Carbon-based materials such as activated carbon,28 carbon nanotube29 and graphene30 have been demonstrated to be a good electrode materials in supercapacitor due to their excellent conductivity combined with their good stability.31 

The transition metal oxide used as supercapacitor electrode materials exhibit a high specific capacity as compared to carbon-based materials owing to its multiple oxidations states.

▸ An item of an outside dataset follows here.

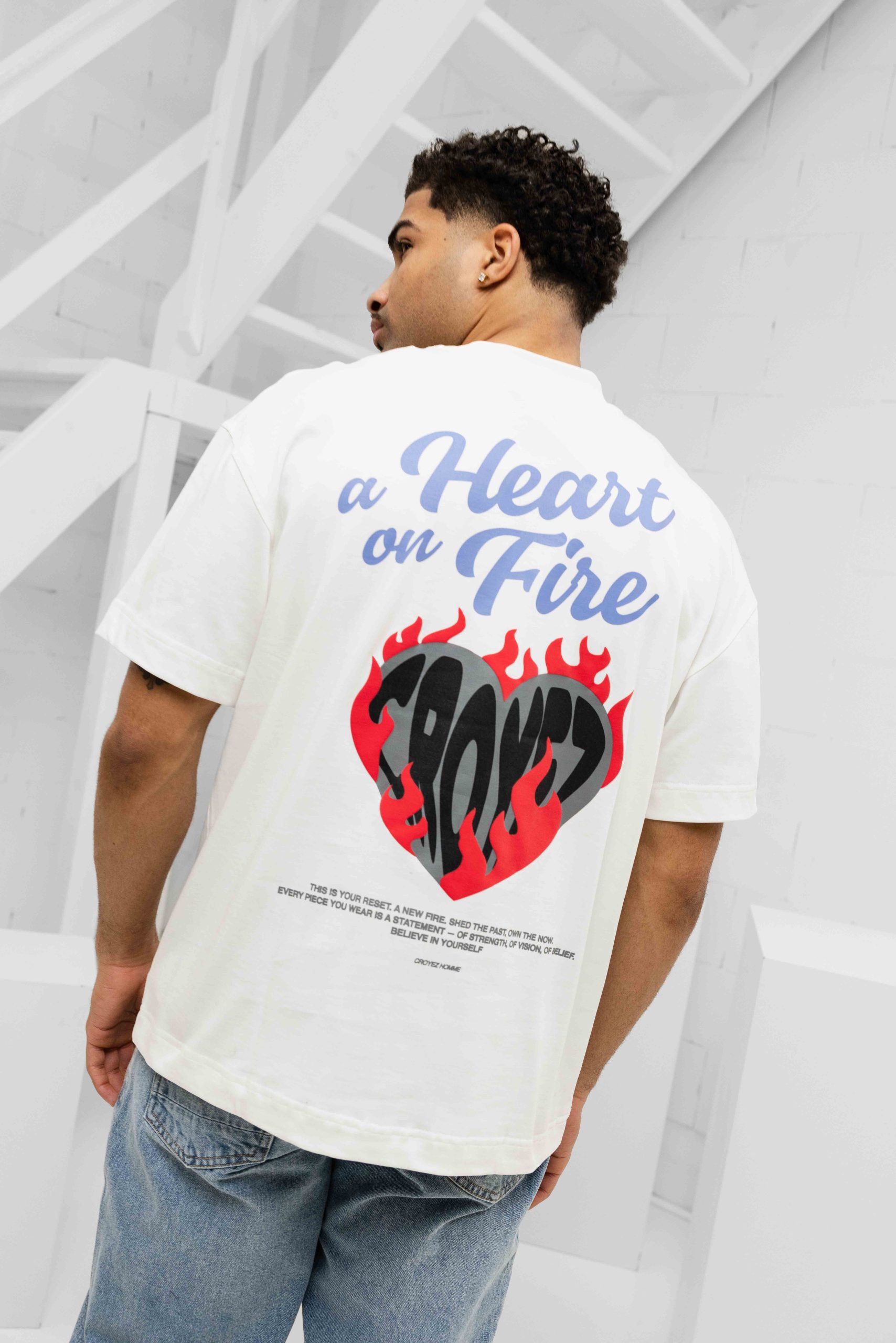 Heren > Croyez Heren > Croyez Heart On Fire T-Shirt Heren Gebroken Wit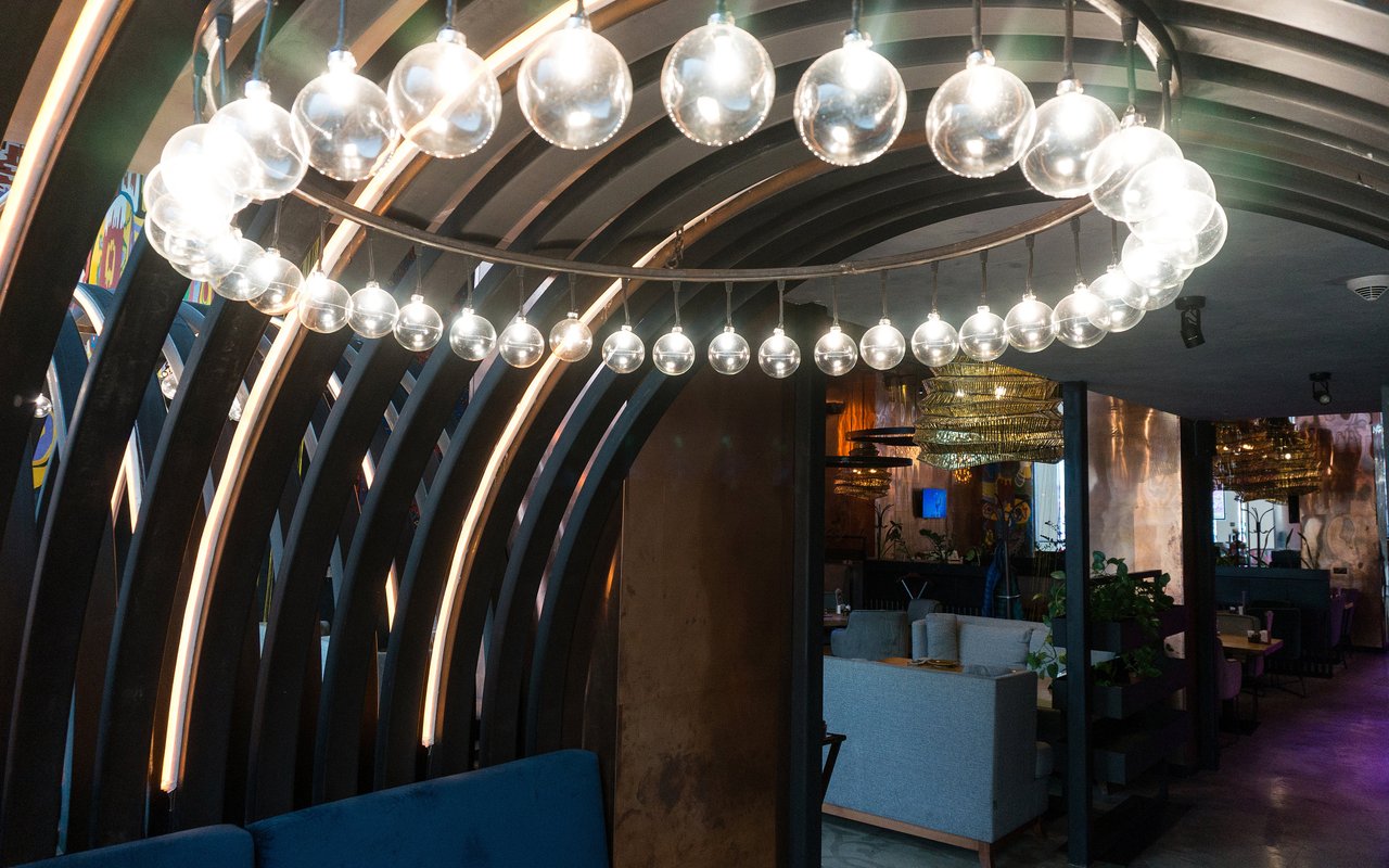 В самом заведении очень шумно, потому что все разговаривают повышенным тоном и с кухни долетают крики поворов, а все из за громкой неуместной музыки.

Amongst the low-cost metal oxides, vanadium oxides (e.g. VO2, V2O5, V2O3, and V4O7) have received recent attention32–40 which is linked to their abundant sources, and ability to exist in variable oxidation states.41 

Vanadium dioxide (VO2) has an exciting phase with a rich polymorphic stable and metastable forms included VO2 (A), VO2 (M), VO2 (R), VO2 (B), VO2 (T) and VO2 (bcc).42,43 VO2 (A), VO2 (M) and VO2 (B) are the most attractive due to their tuneable and the relatively easy synthesis process.42,44 The VO2 materials change from monoclinic (at a temperature about 68°C) to tetragonal structure reversibly (at a temperatures higher than the 68 °C) and can undergo semiconductor-to-metal transition.45–50 VO2 (B) electrodes with a metastable monoclinic structure is a potential electrode material in supercapacitor.51 

As compared to vanadium pentoxide (V2O5), there are few report on vanadium dioxide for asymmetric supercapacitor. For instance, Wang et al. synthesized a graphene/VO2 composite material for a positive and a negative electrodes. They assembled a symmetric supercapacitor (graphene/VO2//graphene/VO2) using 0.5 M Na2SO4 as an aqueous electrolyte. The graphene/VO2//graphene/VO2 symmetric device showed a specific energy of 21.3 W h kg−1 at 1 A g-1. The graphene/VO2 composite showed a cycling stability with 92% after 5000th cycles at 10 A g−1.52 Similarly Ma et al.48 prepared a vanadium dioxide electrode using for a symmetric supercapacitor in 1 M Na2SO4. The VO2//VO2 symmetric device exhibited a specific energy of 21.3 W h kg−1 corresponding to a specific power of 207.2 W kg−1 at a gravimetric current of 0.25 A g−1. They reported a cycling efficiency of 78.7% after 5.000 cycles at a specific current of 0.5 A g−1.48 

In our previous study, we synthesized the vanadium dioxide monoclinic (VO2 (B)) through a solvothermal method. In a three electrode configuration the VO2 (B) displayed a specific capacity of 49.28 mAh g-1 at current density of 0.5 A g-1 in aqueous electrolyte (6 M KOH).53 

The present work reports the fabrication of a novel asymmetric supercapacitor (ASC) based on VO2 (B) monoclinic as a positive electrode and carbonized iron-polyaniline (C-FP) as a negative electrode. The VO2//C-FP ASC tested in aqueous electrolyte (6 M KOH) was able to reach a potential window of 1.6 V. The asymmetric device exhibited a specific energy and power of 30 W h kg−1 and 713 W kg−1 respectively at 1 A g−1. In addition, the ASC showed an 89% energy efficiency after 10000 galvanostatic charge-discharge cycles with a large improvement after ageing test at a gravimetric current of 10 A g-1.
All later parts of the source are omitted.